Ai versetti 14 e 15 Marco ci dà un riassunto della predicazione di Gesù. Nel deserto sembra che Cristo ritorni alle radici dell’uomo, ripeschi la storia dalla sua origine per ripartire di lì e dare inizio alla nuova storia. L’annuncio della nuova era si compone di quattro elementi, di cui i primi due suonano come annuncio e gli altri due come invito: il tempo è compiuto   il Regno è vicino; convertitevi   credete al vangelo.
Sono quattro elementi che possono essere posti in parallelo a questo modo: «Il tempo è compiuto, convertitevi!   Il Regno è vicino, credete al vangelo»! Si risolve la storia dell’uomo per un dono di Dio.

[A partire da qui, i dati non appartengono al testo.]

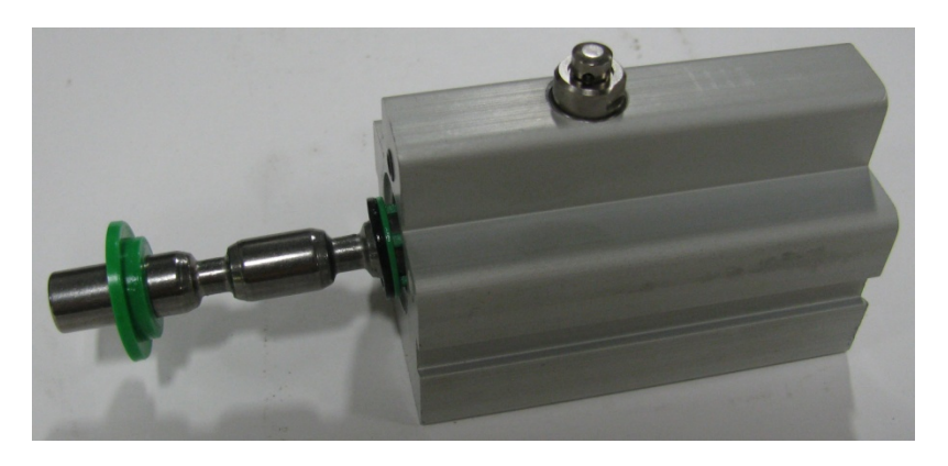
An ISO 9001 Registered Company

Reassemble foot pedal and test. If the foot pedal does not operate you will need a new foot pedal (part number 200496).
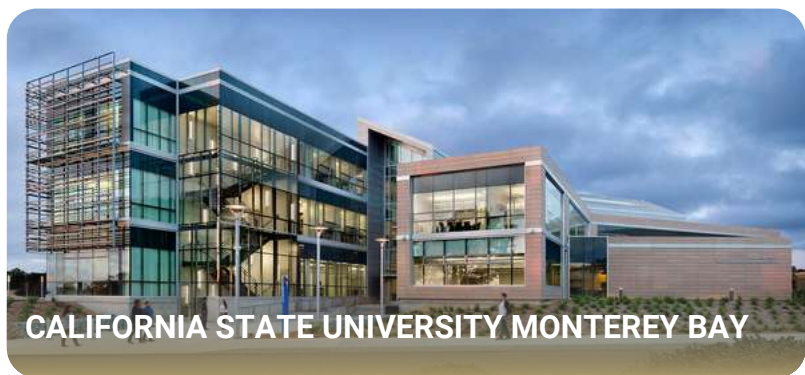
CALIFORNIA STATE UNIVERSITY MONTEREY BAY

Software Engineering, Game Development, Network & Security, Data Science
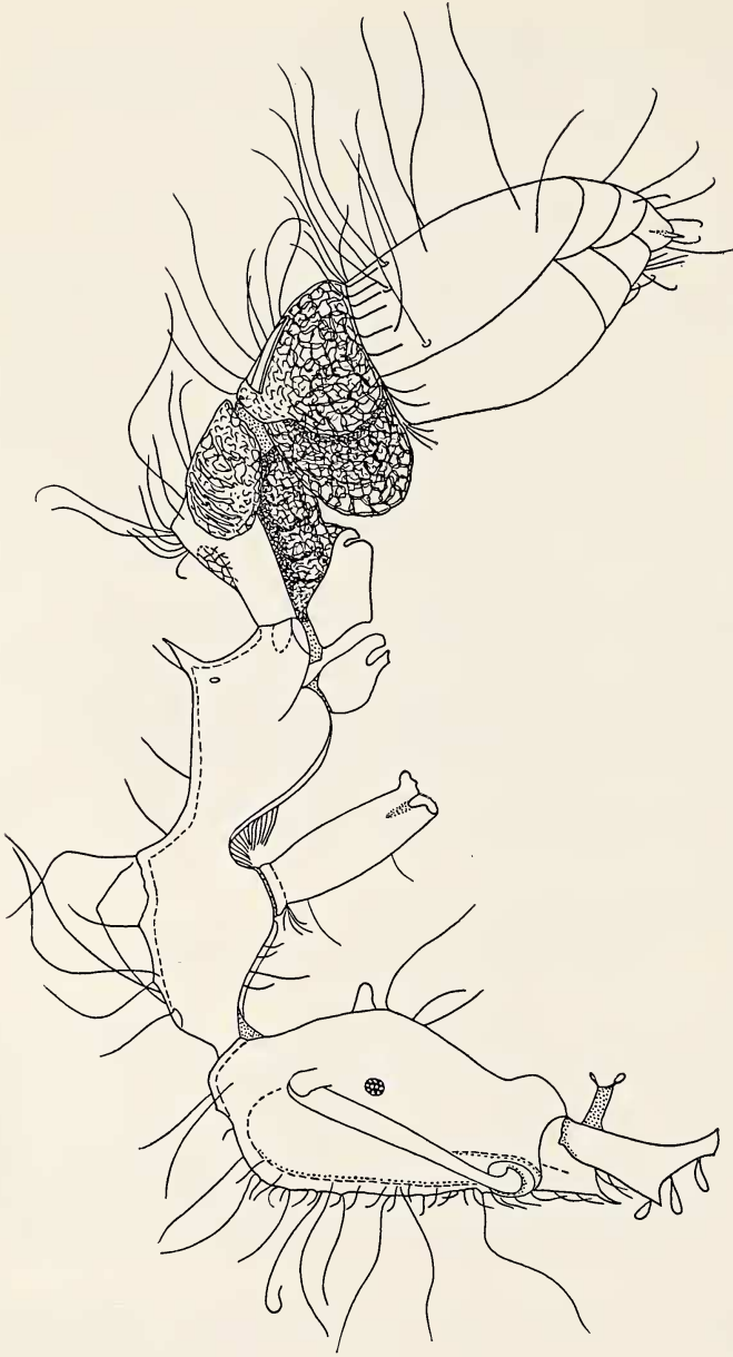
Fig. 1. Asketogenys acubecca new species, holotype worker, side view without legs. Drawn by Bente King.
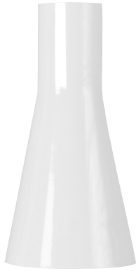
WM White Metallic
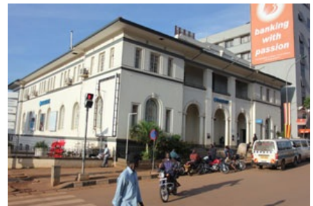
Although Kampala now boasts of many big and good looking buildings, there are some that have...
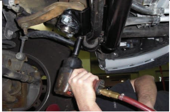
Tighten bearing and then sway bar hardware
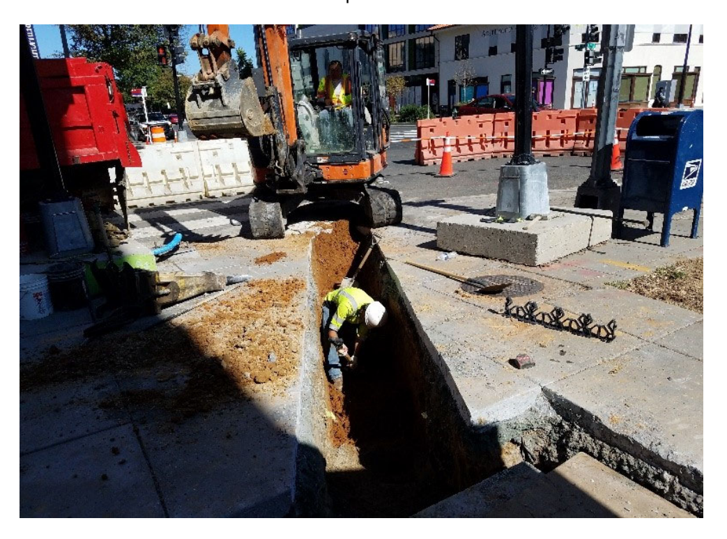
Trench excavation by Omni from M44 to EM05 at SWC of 14th & R St.
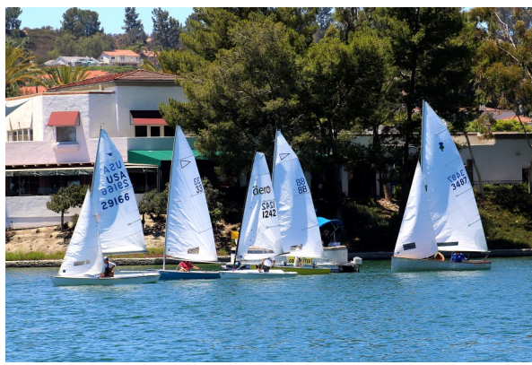
A Fleet start

After some relatively cool conditions through much of the Spring, summer hit with a bang for the Summer Regatta on June 26<sup>th</sup>. With temperatures forecast in the mid 90s and not a great deal of wind, it promised to be an absolute scorcher out on the water and racers were advised to bring along plenty of fluids.
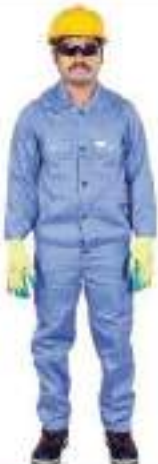
STYLE NO: BHO BRAND: VAULTX 100% TWILL PANT & SHIRT - 190 GSM SIZE: S-5XL ORIGIN: CHINA
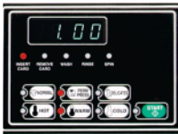
Fully programmable NetMaster™ control
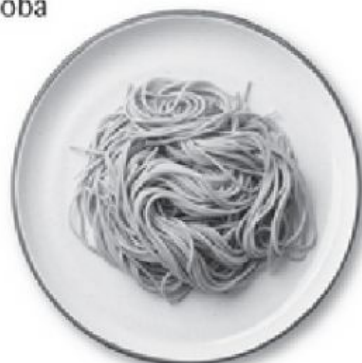
Japanese soba noodles

People also eat special food for birthdays. In the United States, people eat cake. But people in Korea eat seaweed soup. What special food do you eat?
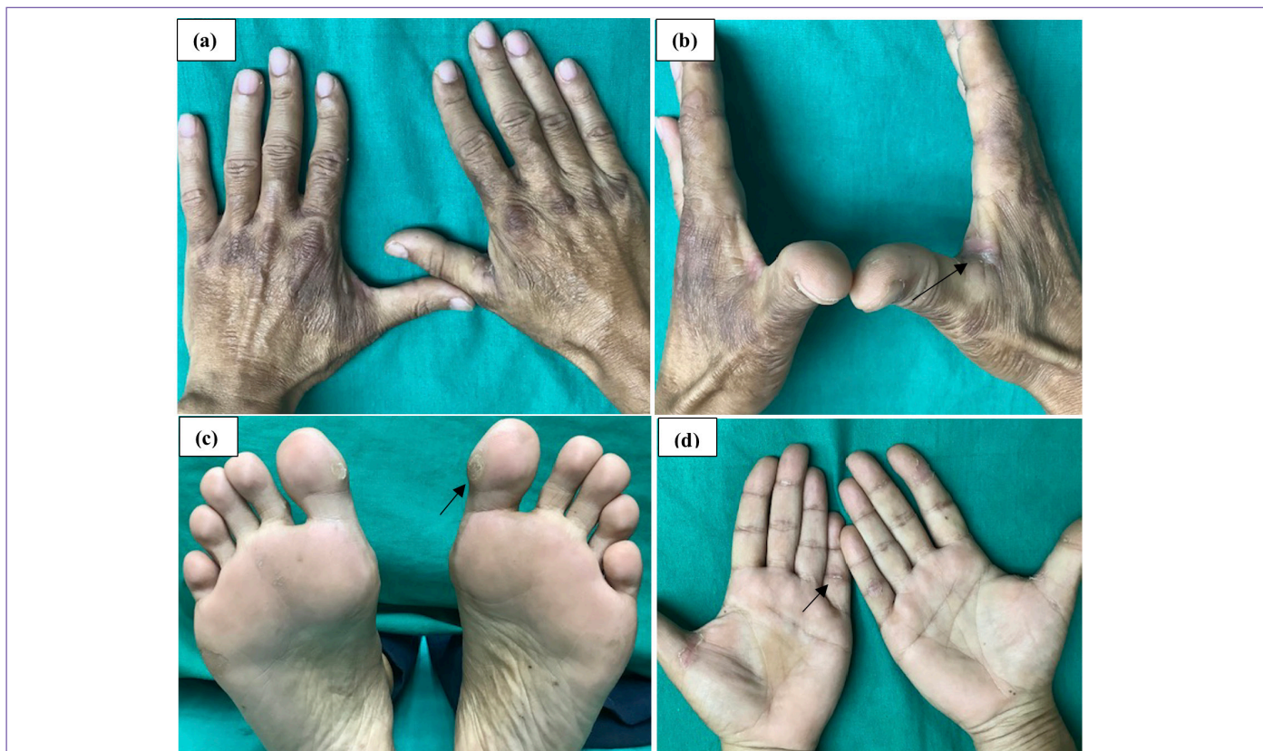
Figure 3. After 3 weeks of stopping sorafenib therapy and mometasone once daily application, decrease in erythema [shown by arrow on (b)] and reduced size of callosity [shown by arrow on (c) and (d)] was noted

Il tempo è compiuto! Sono le prime parole in assoluto di Gesù secondo Marco. Il primo pronunciamento del Maestro è la reinterpretazione del tempo: la storia dell’uomo diviene «possibilità» di una pienezza che è alle porte; il tempo diviene l’oggi di Dio per il futuro dell’uomo. Non a caso Marco chiama questo tempo kairòs = occasione, momento propizio. Non è questione di un preciso anno della storia, ma della qualità particolare che il tempo di sempre ha avuto in dono, perché diventi occasione nel cuore dell’uomo. Nel tempo di sempre, nella storia dell’uomo è scesa una terza dimensione (l’oltre), che rende le altre due (lo spazio e il tempo) capaci di generare il Regno per la forza dello Spirito.

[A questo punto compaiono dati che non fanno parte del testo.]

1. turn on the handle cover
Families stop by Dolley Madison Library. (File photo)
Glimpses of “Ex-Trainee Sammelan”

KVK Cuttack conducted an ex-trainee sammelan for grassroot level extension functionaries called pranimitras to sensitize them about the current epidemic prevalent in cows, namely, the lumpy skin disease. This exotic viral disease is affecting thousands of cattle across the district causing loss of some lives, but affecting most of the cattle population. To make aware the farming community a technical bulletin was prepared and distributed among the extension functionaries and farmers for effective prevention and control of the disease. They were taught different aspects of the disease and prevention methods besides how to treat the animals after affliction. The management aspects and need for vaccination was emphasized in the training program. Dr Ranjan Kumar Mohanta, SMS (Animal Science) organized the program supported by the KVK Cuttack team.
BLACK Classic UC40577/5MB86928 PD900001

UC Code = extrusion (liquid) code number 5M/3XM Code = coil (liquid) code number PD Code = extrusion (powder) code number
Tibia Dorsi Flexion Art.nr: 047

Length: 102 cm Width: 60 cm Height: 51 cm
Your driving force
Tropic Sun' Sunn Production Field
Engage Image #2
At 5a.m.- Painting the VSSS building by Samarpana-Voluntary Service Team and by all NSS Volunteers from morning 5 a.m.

E questo Regno è alle porte come semplice momento propizio: dalla presa di coscienza dell’uomo può nascere il Regno, come al contrario tutto può finire nel nulla, se l’uomo non si converte ad esso. Occorre quindi una presa di coscienza per una presa di posizione: in questo modo l’uomo incontrerà ciò che sta venendo, cioè il Regno. Cos’è questo Regno? ~ il disegno di salvezza di Dio in termini di storica concretezza: nella persona, nella parola e nell’azione di Cristo, Dio stesso è vicino e viene come occasione unica di salvezza per l’uomo.

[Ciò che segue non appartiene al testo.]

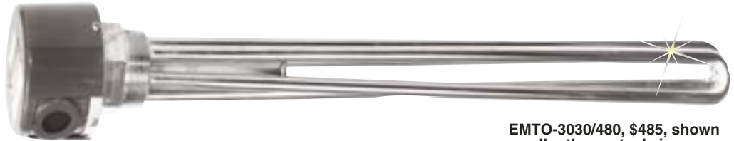
EMTO-3030/480, $485, shown smaller than actual size.

NEMA 1 (IP00) rated, or type E2 moisture-resistant/explosion-resistant enclosure. 2
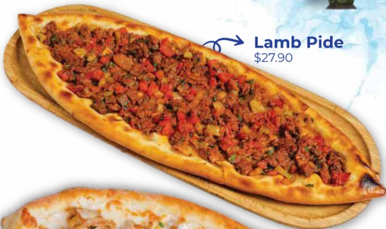
Lamb Pide $27.90
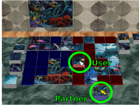
Fig. 1. Snapshot of the system highlighting the players pointers during a KM game session.
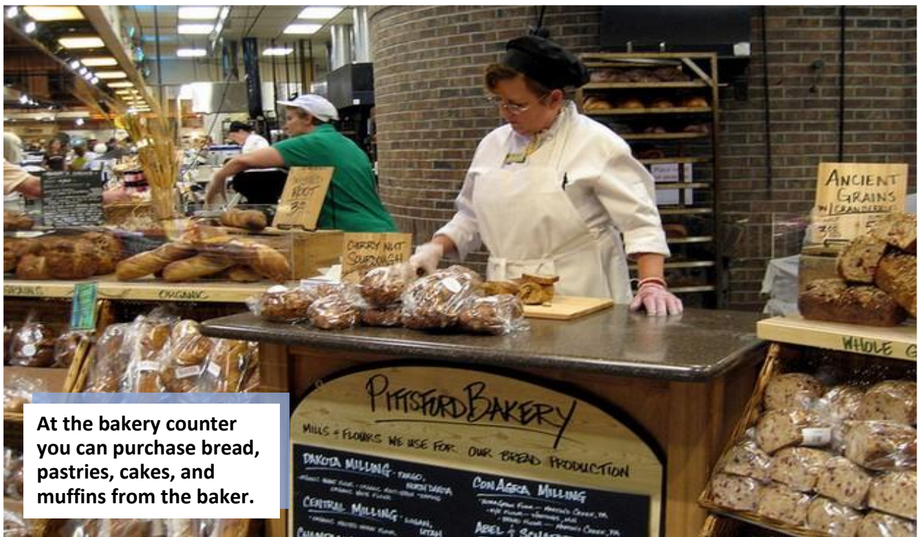
At the bakery counter you can purchase bread, pastries, cakes, and muffins from the baker.
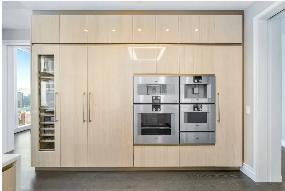
Integrated wine fridge at 35 Hudson Yards

Beyond function, wine refrigerators lend a touch of quiet luxury to a kitchen—especially when matched with other high-end appliances from names like Sub-Zero , Miele , and Marvel . They also enhance convenience: when entertaining, it's far easier to access a kitchen fridge than to retrieve a bottle from a building's communal wine cellar. And for those who don't drink wine, these fridges are surprisingly versatile. According to Wine & More , they're ideal for storing cheese, charcuterie, chocolate, or even skincare products.
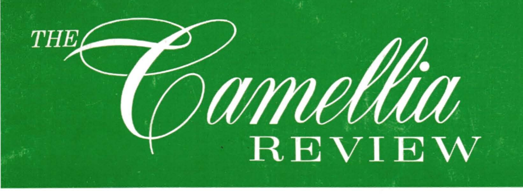
A Publication of the Southern California Camellia Society
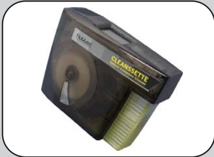
CLEANSSETTE—Optical connector cleaner in cassette design
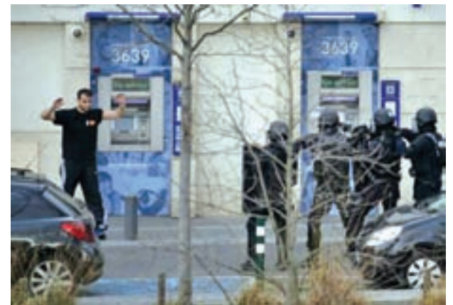
A suspect in a hostage taking situation raises his arms in the air as he is detained by members of special French RAID forces outside the post offices in Colombes outside Paris, on 16 Jan, 2015.
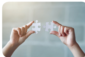
Coordination, Evaluation and Dissemination

InfAct activities are carried out by the following work packages:

E si chiede all’uomo di credere a questo annuncio: preparare il cuore e credere: nulla di più. Da tutto ciò emerge come la salvezza sia per l’uomo un grande dono: l’occasione propizia è donata all’uomo, come gli è donato il Regno che viene; l’uomo non può niente sul tempo, né sul Regno; queste sono due realtà che si realizzano per l’uomo, ma al di fuori della volontà dell’uomo. A lui è chiesto solo di «cogliere» il tempo convertendosi, cioè «volgendo la mente» alla sua direzione; è chiesto inoltre di credere, di accogliere col cuore, Cristo come fonte e contenuto dell’annuncio.
Se tutto è dono, la vera conversione e il cammino di fede non sono che una continua presa di coscienza di essere amati da Dio. Questa conversione si sviluppa nell’impegno di vivere come figli dell’amore. E’ un impegno che si sostiene dentro una continua invocazione; Pietro ci dice che il battesimo, in ultima analisi, è «un’invocazione di salvezza, rivolta a Dio da parte di una buona coscienza, in virtù della risurrezione di Gesù Cristo» (1Pt 3,22).
Dio paziente e misericordioso, che rinnovi nei secoli la tua alleanza con tutte le generazioni, disponi i nostri cuori all’ascolto della tua parola, perché in questo tempo che tu ci offri si compia in noi la vera conversione.